Laporan sebelumnya dari pasar global menunjukkan, posisi Indeks Dolar AS yang masuk tertekan menyusul rangkaian perkembangan perang tarif Trump yang dikhawatirkan mulai berimbas pada kinerja perekonomian AS. Pola dan situasi tersebut kemudian menjadi bekal positif bagi mata uang Asia untuk menguat, meski dalam rentang yang cenderung moderat.
Pantauan terkini hingga sesi perdagangan sore ini berlangsung menunjukkan, Rupiah yang bertengger di kisaran Rp16.597 per Dolar AS setelah melonjak signifikan 0,94 persen dengan sempat mencetak titik terkuatnya di kisaran Rp16.589 per Dolar AS yang sekaligus menembus ke bawah level psikologisnya di Rp16.600. Pantauan juga memperlihatkan, kinerja mata uang Asia yang seragam beralih menginjak zona penguatan.
Rupiah bahkan kini mendapatkan giliran untuk menahbiskan diri sebagai mata uang terkuat di Asia setelah sempat mencetak lonjakan hingga kisaran 0,98 persen. Selebihnya, kisaran penguatan mata uang Asia cenderung berada di rentang moderat..
Tinjauan RMOL juga memperlihatkan, minimnya suntikan sentimen domestik yang tersedia pada sepanjang sesi perdagangan hari ini, yang sekaligus memaksa porsi perhatian pelaku pasar tercurah sepenuhnya pada rangkaian sentimen eksternal yang berkembang.

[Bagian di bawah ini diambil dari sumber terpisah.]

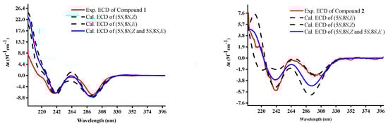 Compound 2 was also obtained as brown oil droplets and had the molecular formula C12H20N2O3, as indicated by the positive ion peak at m/z 263.1359 in the (+)-HRMS(ESI) spectrum ([M+Na]+, calcd. 263.1372). The 1H and 13C NMR spectra of tautomer 2a resembled these of the predominant tautomer 1a in compound 1 (Table 1 and Table 2), with the major differences being the presence of the two additional methylene signals at δC 59.7 (t, C-14) and 44.7 (t, C-13). Considering the molecular formula of 2a, a hydroxyethyl group has to be substituted on the amino group of C-6. Hence, the resulting structure was further verified using detailed 1H–1H COSY correlations between H-1′ (δH 3.40) and NH-12 (δH 10.58), together with the cross-peaks from H2-1′ to C-6 (δC 167.9), and NH-12 to C-1′ (δC 44.7) in the HMBC spectrum (Figure 2), and the up-fielded shift for CH3-7 (δC −4.6 ppm) in 13C NMR data. Similar to compound 1, the Z/E isomerism of carbon–carbon double bonds between the predominant tautomer (2a) and the minor one (2b) in compound 2, was confirmed by the down-fielded shifts for C-4 (ΔδC +2.8 ppm) and up-fielded shifts for C-2 (ΔδC −2.9 ppm) for 2b, [] due to the intramolecular hydrogens bond formation for 2b between 12-NH with C-4 rather than between 12-NH with C-2. The relative configurations of compound 2 were consistent with those of 1, as determined by a comparison of the NMR shifts of the sec-butyl moieties, especially the 13C NMR data of the center carbons C-5 (ΔδC −0.3 ppm) and C-8 (ΔδC +0.2 ppm) and biogenetic considerations. The absolute configurations of 2 were assigned as (5S, 8S, Z for 2a and 5S, 8S, E for 2b) by comparing its experimental and calculated ECD spectra (Figure 3). Therefore, the structure of compound 2 was established, as shown in Figure 1, and it was named tenuazamine B.

Sikap pelaku pasar secara keseluruhan masih cenderung menantikan rilis data perekonomian AS menyangkut pertumbuhan GDP dan data ketenaga kerjaan, NFP. Di mana pelaku pasar mulai curiga, pukulan tarif Trump akan segera berimbas. Gerak turun Indeks Dolar AS dan menguatnya Rupiah mencerminkan upaya investor mengantisipasi buruknya data perekonomian akibat perang tarif.